- _What the task asks_:
Please write out exactly the lines of the data below from the line holding "ニットやスウェットの下に重ね" through the line holding "THEODORE| Men Analog", and leave out the rest.

- _Given data_:
|---|

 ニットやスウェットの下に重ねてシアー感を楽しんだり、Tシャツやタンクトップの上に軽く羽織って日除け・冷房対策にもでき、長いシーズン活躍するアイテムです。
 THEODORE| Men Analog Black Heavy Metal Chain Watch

|---|

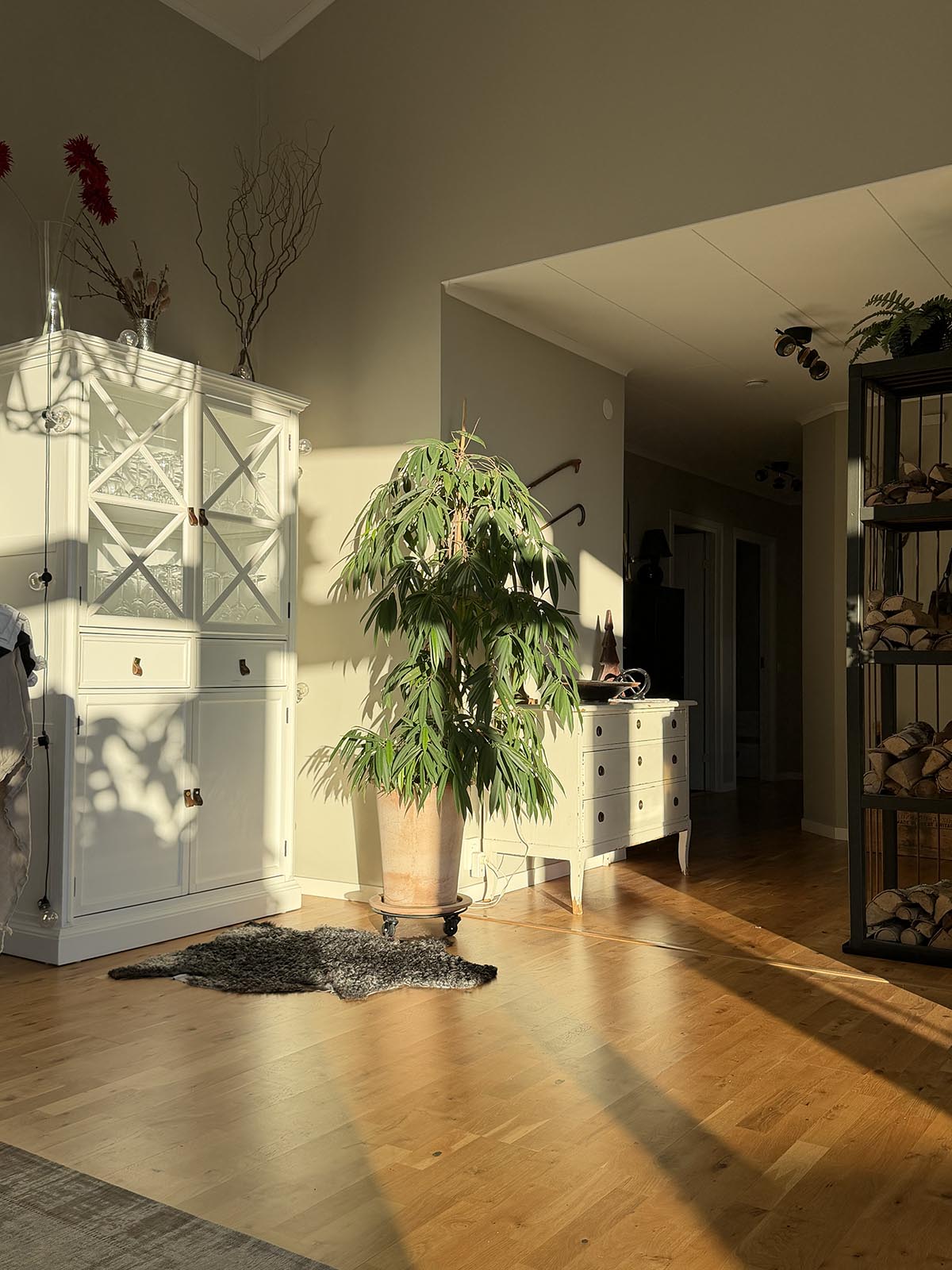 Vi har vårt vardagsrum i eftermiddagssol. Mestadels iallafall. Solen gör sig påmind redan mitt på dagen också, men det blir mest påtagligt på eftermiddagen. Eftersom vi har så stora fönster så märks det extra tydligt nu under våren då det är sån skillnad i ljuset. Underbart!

|---|

- _Result for this exercise_:
 ニットやスウェットの下に重ねてシアー感を楽しんだり、Tシャツやタンクトップの上に軽く羽織って日除け・冷房対策にもでき、長いシーズン活躍するアイテムです。
 THEODORE| Men Analog Black Heavy Metal Chain Watch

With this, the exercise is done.